Congress needs to change, or we change it

Published 9:27 am Monday, December 4, 2017

Sometimes, our senators and congressional representatives in Washington need to be reminded of whom they represent. Too often, once they get to Washington they taste of the water there and forget about the folks back home who sent them there and why they were elected.
Too many of our congressmen and senators act as though they are representing a party rather than a nation. Some, if not most, climb into the pockets of high-paying lobbyists and become indebted to them rather than the people back home. If it were not for the votes of Tennesseans — the people who live in the small towns as well as the big cities, in the hollers and valleys and rural communities — Lamar Alexander and Bob Corker and representatives like Phil Roe would not be in Washington, D.C.
They need to be reminded from time to time that there are people in their districts, who are having a difficult time making it, who live paycheck to paycheck, do not have health insurance, and are unable to get a good-paying job because there are none to be found. They need to know about the small businesses in Elizabethton, Johnson City, Mountain City, and elsewhere that cannot exist if they are treated in the same way as large businesses with regards to taxes, etc.

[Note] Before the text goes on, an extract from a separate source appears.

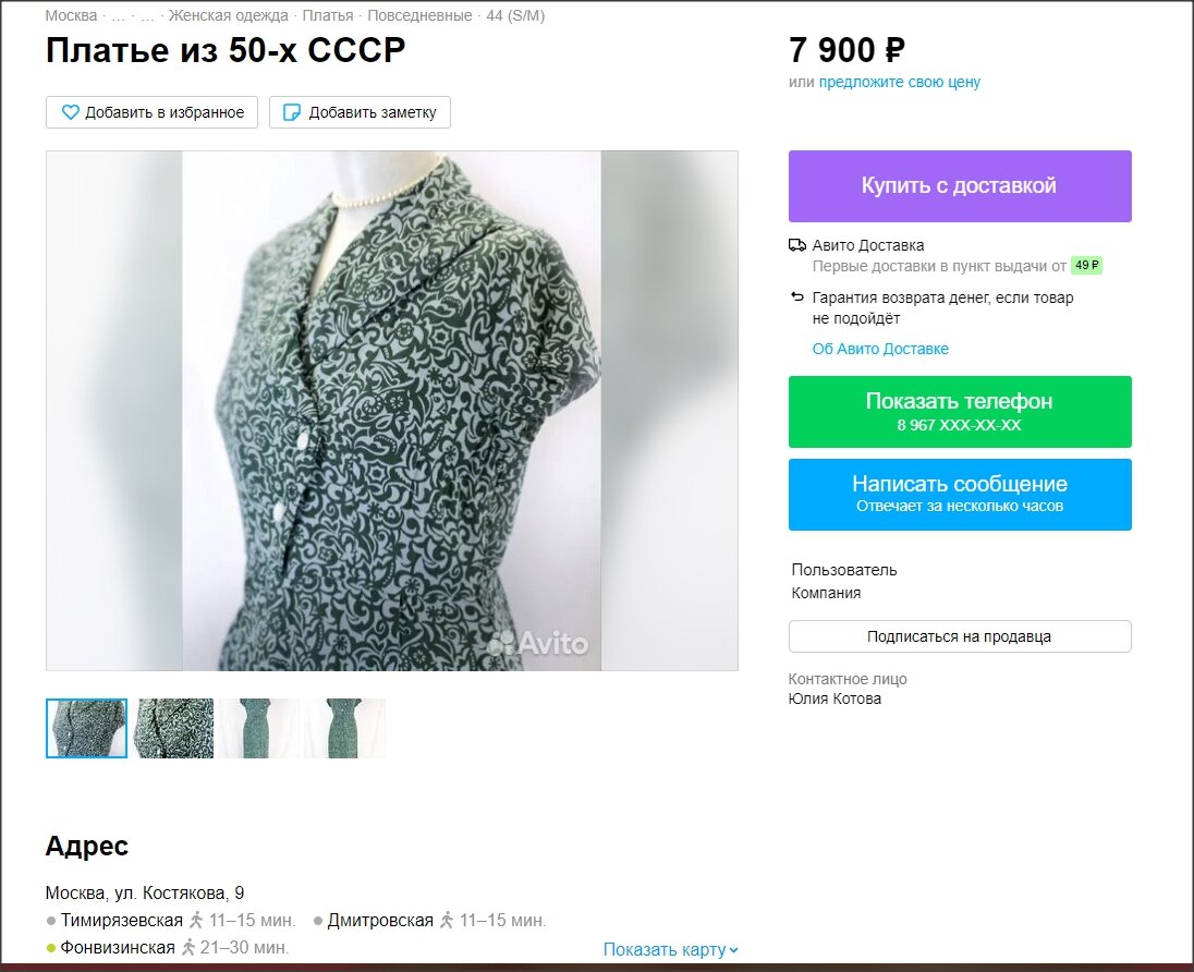 Сразу скажу, что эти кадры я сделала давно. Сейчас на авито может не быть этих конкретных материалов, но есть другие. "Авито" - полезная площадка для просмотра винтажных платьев и тканей, иногда. Вот такое нашлось "Платье из 50-х СССР". Продаётся дорого. Похоже на платье-халат. Состав и вид ткани не могу понять. В 1950х - начале 60х годов платья-халаты были такого шикарного кроя, с широкими воротниками и запахом. Но и выходным вполне может быть. Воротник ассиметричный - это красиво. И сшито очень изящно, без внешних видимых швов, как мне нравится. В современной лексике, это платье-футляр. А вот эти выкройки совсем недорогие. Мне не нужно - у меня нет таких готовых выкроек, но много других старых журналов и чертежей, да и шью обычно по своим выкройкам, по индивидуальным меркам. "Государственный универсальный магазин." ГУМовские выкройки в натуральную величину в бумажных конвертах, - пожалуй, раритет, оказывается, были и такие. "Готовые выкройки винтажной одежды." Если В

These folks are the real people behind the cuts and things that they propose. And, they need to understand that.
The average American’s net worth has dropped 8 percent during the past six years, while members of Congress got, an average, 15 percent richer, according to a New York Times analysis of financial disclosure.

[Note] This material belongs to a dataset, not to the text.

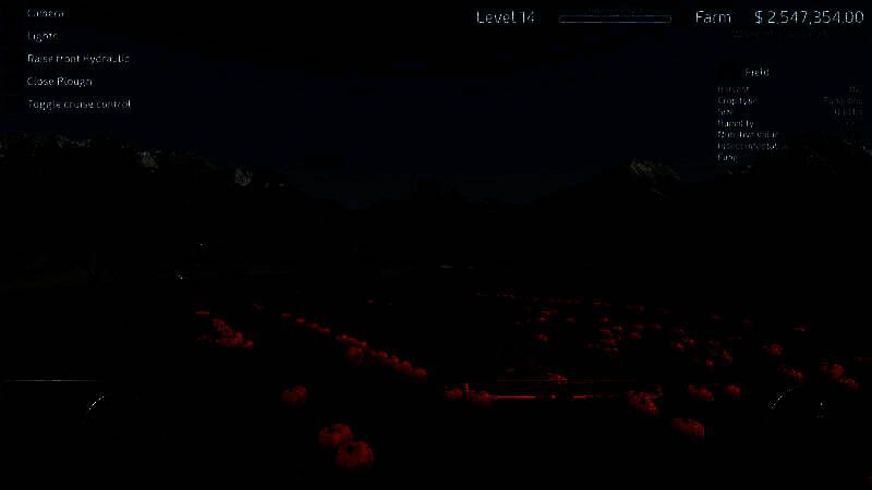 4、农作物成长之后余下的工作就是收割了,玩家需要使用联合收割机来收割农作物,然后把它放到土地旁边的拖车里。

This wealth disparity between lawmakers and the people they represent seems to be continually growing. Nearly half of Congress — 249 members — are millionaires, while only 5 percent of American households can make the same claim.

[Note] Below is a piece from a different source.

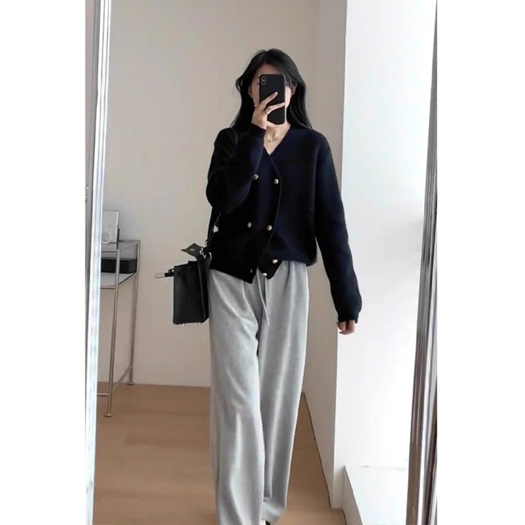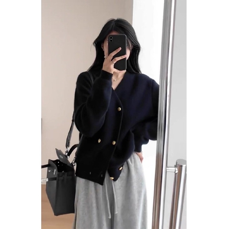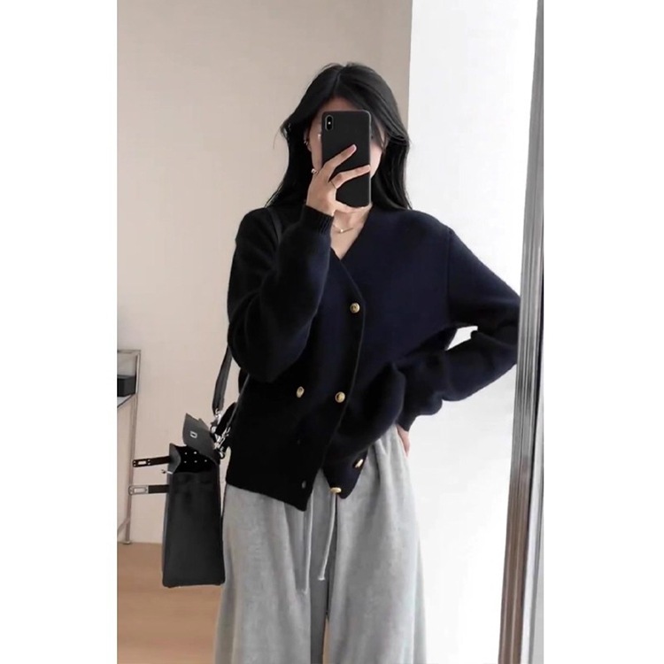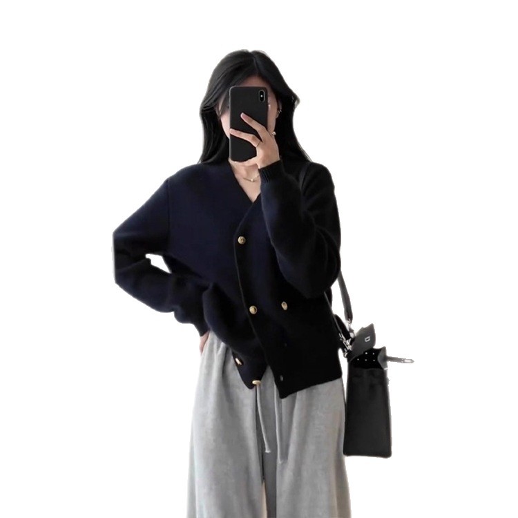 Autumn And Winter French Retro Black V-Neck Sweater Girl Languid Retro Knitted Jacket Top HZ1208

While the median income in America is around $50,000, nearly half of those in Congress are worth more than 1 million.
And while lawmakers in the “people’s house” grew significantly richer, the people they represent became slightly poorer, with the average wealth of an American household dropping from $20,600 to $20,500 over the same time period, the Post reports.
Congress is supposed to represent the people, but money has tainted the system. Instead of keeping their constituents in mind, most elected represented spend their time trying to raise money for reelection. This gives the people who fund political campaigns more power than what they should have. Campaign finance reform is truly needed to address this problem.
And when you factor in other forces that drive a wedge between members of Congress and their constituents — the constant fundraising, hectic schedules, and intense pressure to remain loyal to the party — it seems that the Congress, designed to be a sensitive barometer of Americans’ concerns and preoccupations, grows more distant from the people it is supposed to represent.
Our country has become so divided politically. And, we wonder if it can ever heal itself and come together again.
As Congress debates a new tax bill, we understand the allure of tax-cut promises. We want to believe promises of amazing growth or outcomes. However, these changes alone will not be enough to put the country on the right path.
As our country looks at the key issues ahead of us, including tax policy and health-care reform, we face important questions: How can we as Americans work together to improve our tax policy? How can we work together to provide core government functions? Answering those questions requires having civil conversations, learning from our neighbors and sharing our experiences. We are better when we can work together to find compromise.
The antidote, it would seem, is listening carefully to those we disagree with and seeking common ground as a starting point.
Perhaps, it is time to change out our representatives, like you change out a diaper, and for the same reason.